Roughly 40 protesters gathered outside of TCU Place, where a public consultation on policing was happening, to protest the controversial practice of “carding.”
“Anybody that’s listened to me talk before knows I certainly believe in social justice,” Weighill said. “I’ve talked many times about the systemic issues our aboriginal population is facing: of poverty, of poor housing, of racism, of disadvantage. Those are the issues we’ve got to work on.”
Weighill acknowledged the controversy about carding. He said the issue came up at a meeting Wednesday of the Saskatchewan Association of Chiefs of Police and the Saskatchewan Police Commission.
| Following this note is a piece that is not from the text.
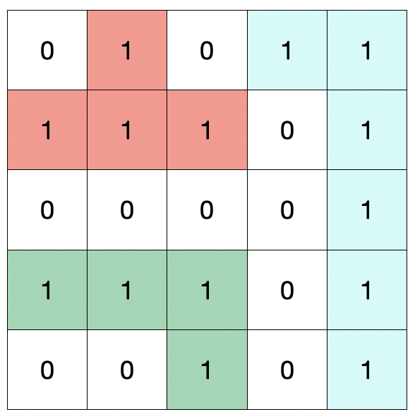 - 마을의 행과 열을 차례대로 돌면서 1을 만나면, 그 집과 상하좌우로 연결된 모든 집들을 탐색해 줍니다.
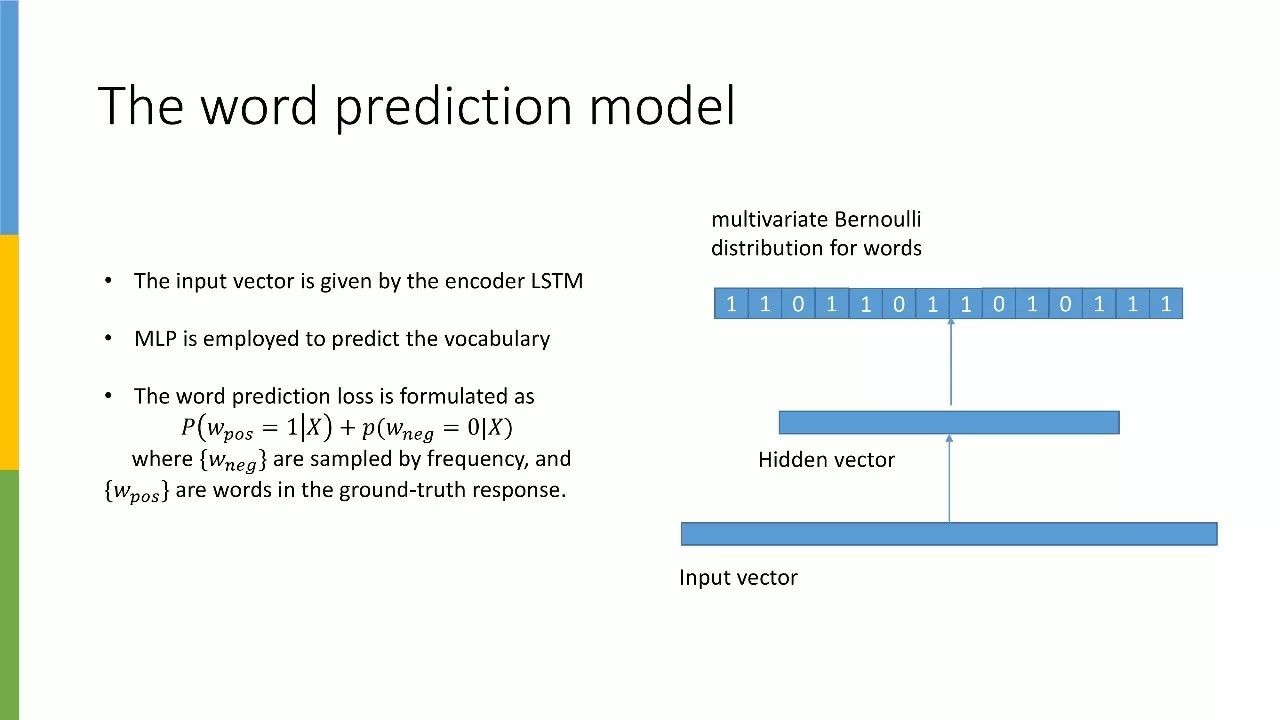 接下来我们来看如何做词预测,即如何对内容词(content words)进行预测。内容词的 input vector 是 encoder 生成的 vector。有了 vector 后,我们需要过一个回归模型(MLP),继而预测需要用到哪些词。这个预测的损失就是将最后出现在回复里的词作为正例(标签为 1),再随机采样一些负例作为 0 标签的词,从而进行预测。

“We’re looking at the policy on street checks and how they’re implemented,” the police chief said, adding that they will review how the carding issue is unfolding in Ontario. But he said carding should continue as a police practice.
Prior to Weighill speaking, filmmaker and activist Tasha Hubbard spoke to the crowd giving examples of people who say they were stopped by police without having done anything wrong.
“What is the message when indigenous people and other marginalized peoples are incessantly carded? The message is that indigenous people, people of colour, people who are poor, do not belong, that they are not welcome in certain spaces,” she said.
When asked about Clive Weighill speaking to the crowd, Hubbard said, “I think it’s good that the police chief is responding to it, I’m just not sure this was the right space.”
Saskatoon police have confirmed that nearly 4,500 people were stopped and asked for identification in the city last year, an average that is higher than other Canadian cities such as Toronto, Ottawa and Montreal.